_PROVIDED MATERIAL_
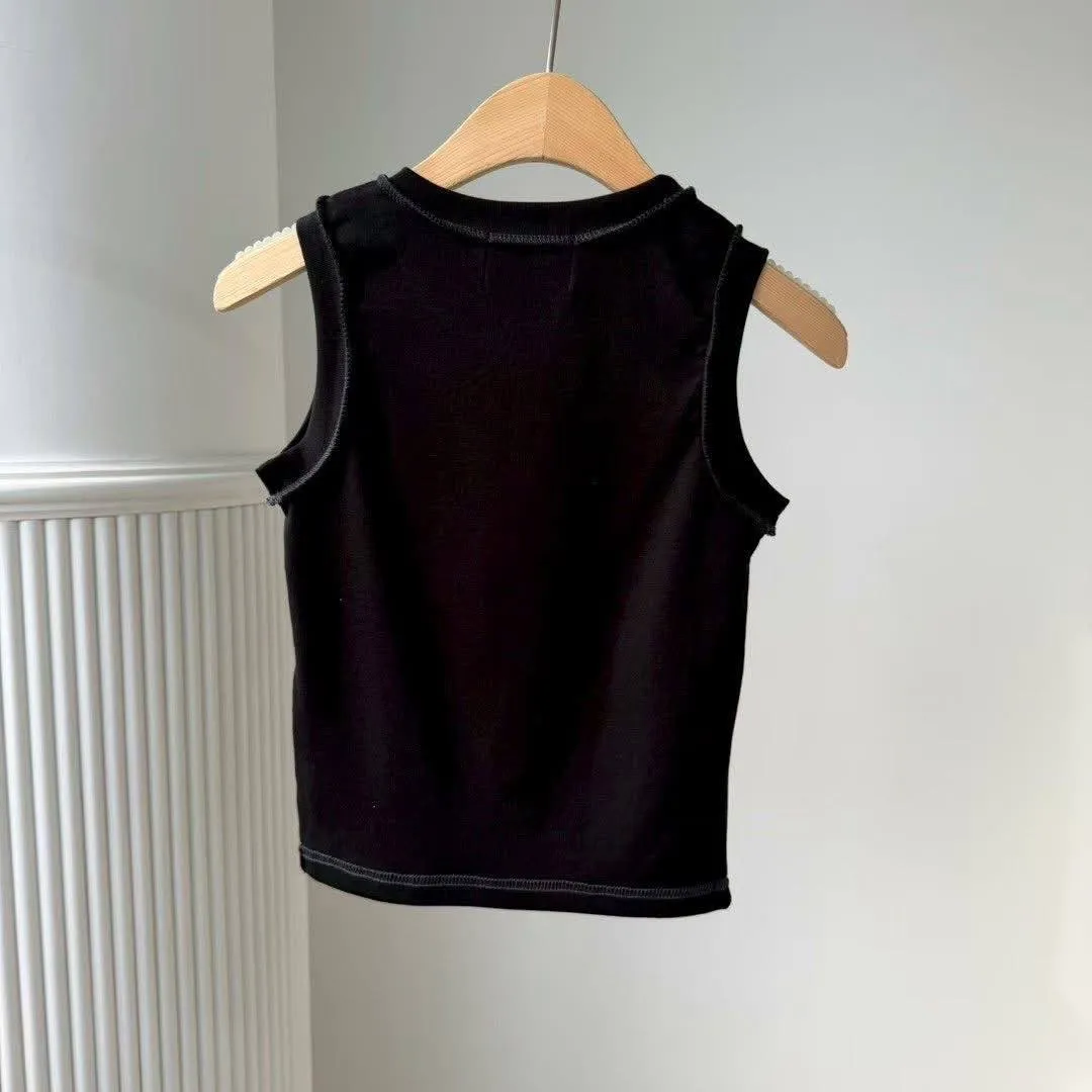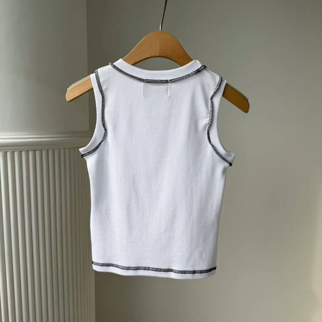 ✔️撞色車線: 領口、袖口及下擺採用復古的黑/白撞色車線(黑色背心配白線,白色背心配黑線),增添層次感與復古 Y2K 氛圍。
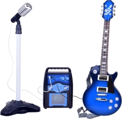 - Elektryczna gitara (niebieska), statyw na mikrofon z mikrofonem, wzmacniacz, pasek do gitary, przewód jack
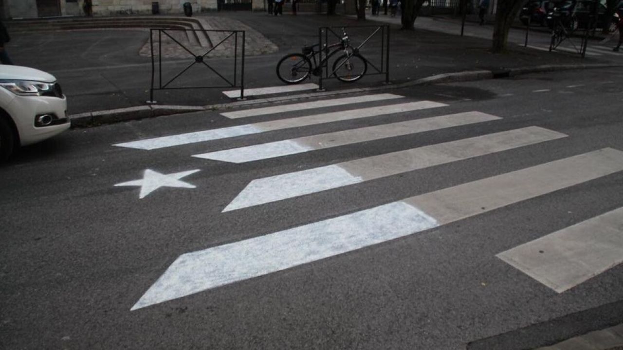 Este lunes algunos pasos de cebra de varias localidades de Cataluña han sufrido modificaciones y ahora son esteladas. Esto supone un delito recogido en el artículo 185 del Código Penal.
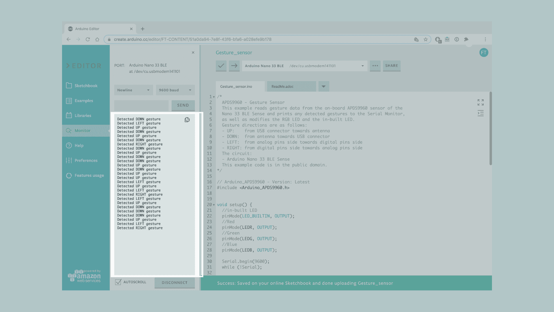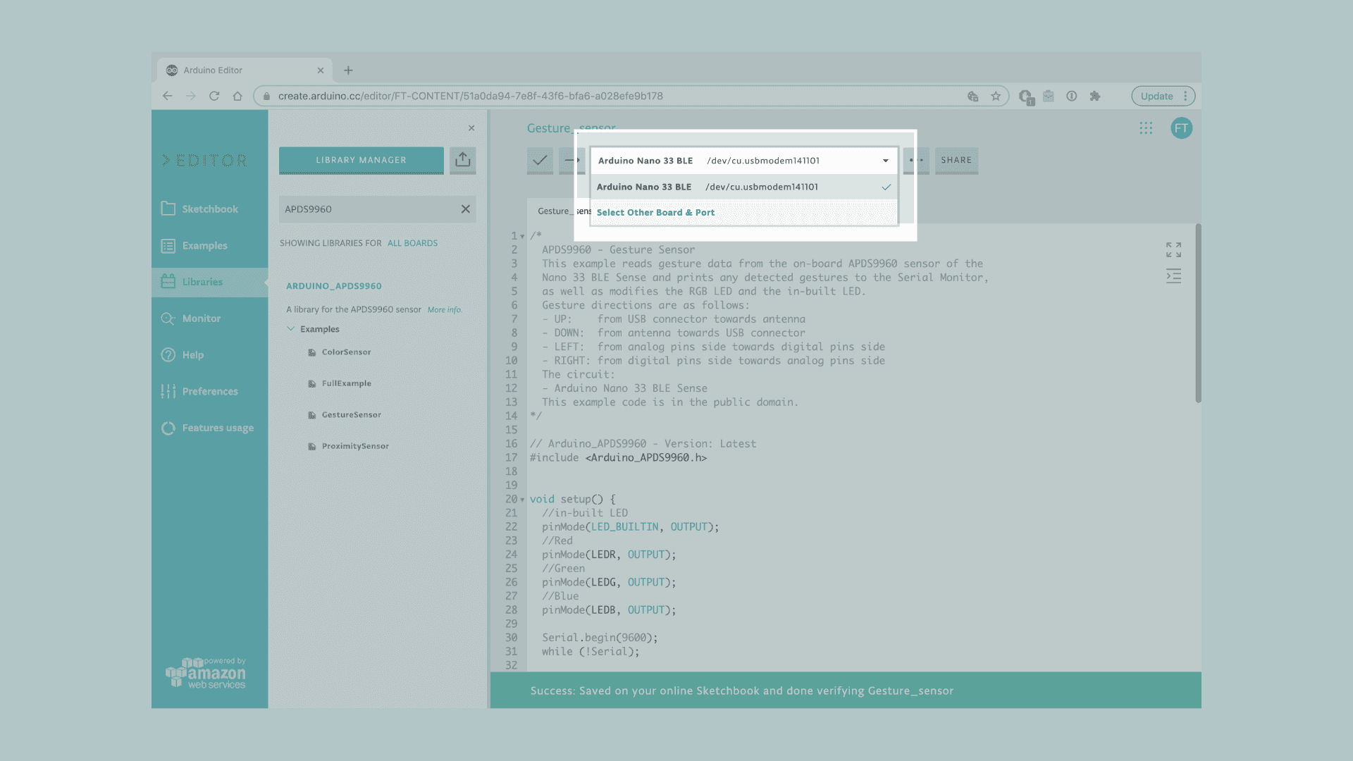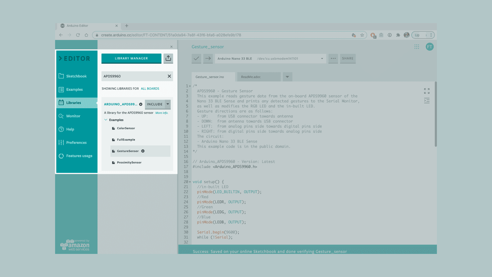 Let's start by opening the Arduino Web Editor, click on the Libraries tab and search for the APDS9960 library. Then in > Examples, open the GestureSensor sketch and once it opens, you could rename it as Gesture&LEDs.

_THE PROBLEM_
Every line above should be copied exactly, apart from any pictures.

_FINAL ANSWER_
 ✔️撞色車線: 領口、袖口及下擺採用復古的黑/白撞色車線(黑色背心配白線,白色背心配黑線),增添層次感與復古 Y2K 氛圍。
 - Elektryczna gitara (niebieska), statyw na mikrofon z mikrofonem, wzmacniacz, pasek do gitary, przewód jack
 Este lunes algunos pasos de cebra de varias localidades de Cataluña han sufrido modificaciones y ahora son esteladas. Esto supone un delito recogido en el artículo 185 del Código Penal.
 Let's start by opening the Arduino Web Editor, click on the Libraries tab and search for the APDS9960 library. Then in > Examples, open the GestureSensor sketch and once it opens, you could rename it as Gesture&LEDs.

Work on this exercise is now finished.